Date of Award

10-1965

Degree Type

Master's Essay - Restricted

Degree Name

Master of Arts (MA)

Department

Theology

Abstract

A generation ago, Catholic theology was not particularly concerned with the problems surrounding the human knowledge of Jesus Christ. True, it repeated, in the main, some of the older traditional theses about His having possessed the beatific vision, an infused knowledge, and an experiential or acquired knowledge. These assertions were based largely on medieval scholastic speculation, based in turn on scriptural and Patristic data, but were treat ed much more sketchily and unconvincingly than among their predecessors. There was no attempt to understand the subject psychologically, much less to understand it scripturally, nor finally to see its ontological bases. Nor was the need for more thorough discussion felt, the mystery of Christ being rather regarded as unique--which it is--and the unspoken conclusion being that it could not be understood with any certainty anyway.
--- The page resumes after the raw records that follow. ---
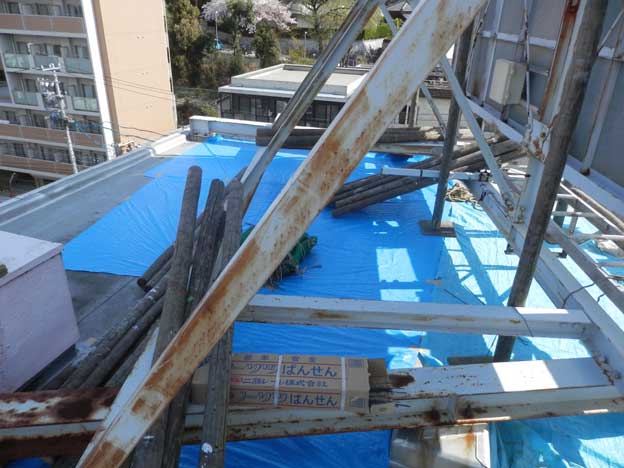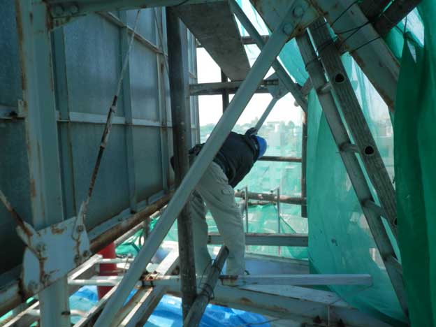 今回は意匠面だけでなく、鉄骨も塗装します。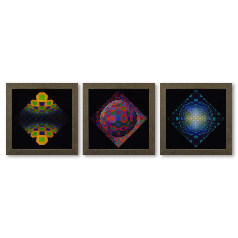 Okta - Stri, Planetary, et Ondocto - Re de la serie Structures Universelles De L'Octogone (Triptych) by Vasarely (1908-1997). "Okta - Stri, Planetary, et Ondocto - Re de la série Structures Universelles De L'Octogone (Triptych)" is a set of heliogravure p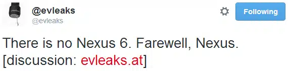 Ο γνωστός μας @evleaks όμως που συνήθως μεταδίδει έγκυρες πληροφορίες, με tweets του μας λέει ότι η Google δεν θα κυκλοφορήσει τελικά το Nexus 6 αλλά επιβεβαιώνει τις πληροφορίες για τη σειρά Android Silver. Επομένως αν κάτι τέτοιο ισχύει το Google Nexus 5 είναι η τελευταία συσκευή που κυκλοφόρησε η Google.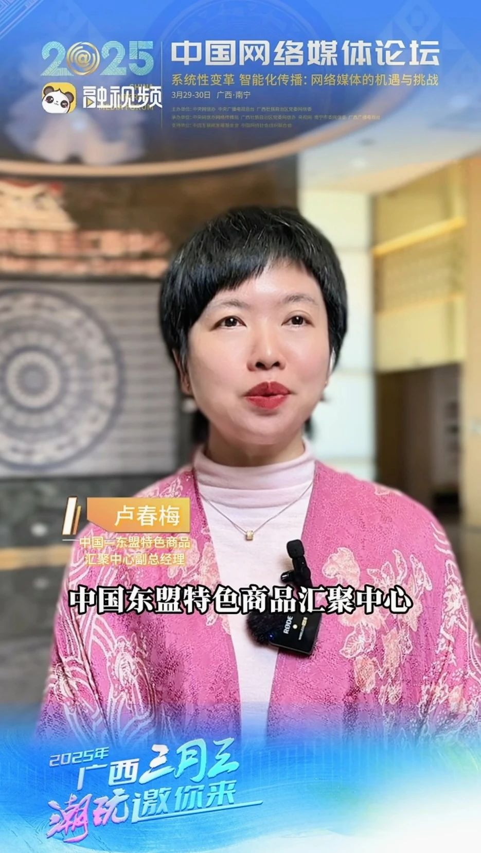 南寧市商務(wù)局副局長(zhǎng)林詩(shī)維接受媒體采訪(來(lái)源:中國(guó)臺(tái)灣網(wǎng)視頻號(hào)截圖)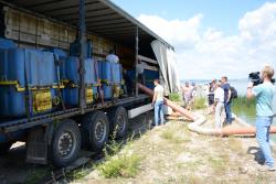 Мероприятие проходило под патронажем Балаковской атомной станции. Собственно, и выращены мальки были по инициативе атомщиков. Живые представители герба Саратовской области родом из Саратовского рыбопитомника. Первое в своей жизни путешествие – в поселок Духовницкое – они совершили на специальном транспорте, оборудованном всем необходимым для жизнеобеспечения малышей. Так, например, во время переезда вода в контейнерах поддерживалась определенной температуры и постоянно насыщалась кислородом.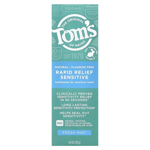 HELPS PREVENT TARTAR BUILDUP: Tom’s of Maine Natural Rapid Relief Sensitive Fluoride-Free Toothpaste protects and relieves sensitive teeth. Our formula provides long-lasting protection and relief in 60 seconds. To achieve rapid relief, apply this sensitive toothpaste directly to the sensitive tooth with your fingertip or toothbrush, then gently massage it for 1 minute.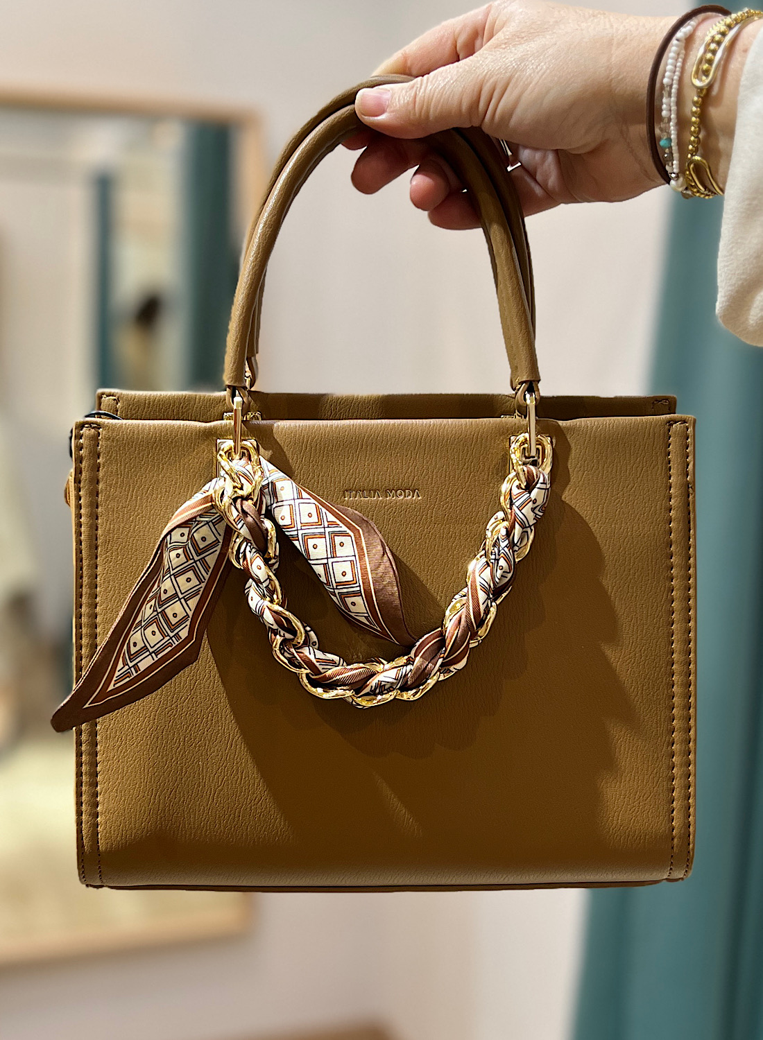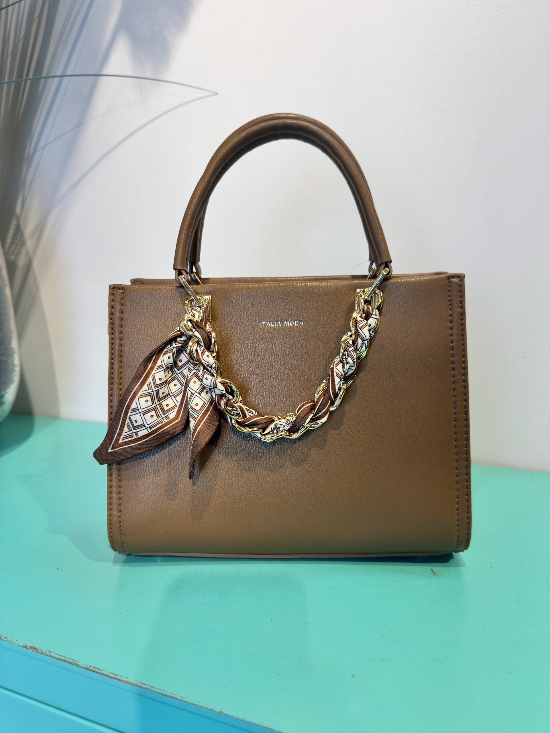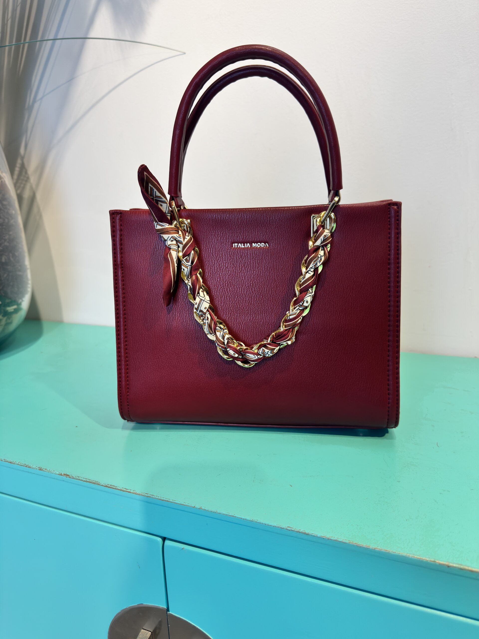 El BOLSO VERA se presenta con una silueta estructurada y líneas limpias, disponible en cautivadores tonos como el rojo intenso y un elegante marrón, perfectos para complementar una amplia gama de vestuarios. Su característica más distintiva es el asa superior complementada por una cadena decorativa entrelazada con un pañuelo estampado, que añade un toque chic y original. Este detalle no solo embellece, sino que también sugiere la atención al detalle de la marca ITALIA ROSA.

In view of the increased effort to understand the findings of biblical data and the added fact that sometimes notions are advanced which seem hardly reconcilable with Catholic dogmatic teaching concerning the hypostatic union, the old state of affairs has undergone a radical change; sheer necessity, if not the intrinsic value of the subject, forces theologians and exegetes to renewed effort at a deeper appreciation of Christ's human nature and the character of His life and activity. No longer is the subject 'too hot to handle.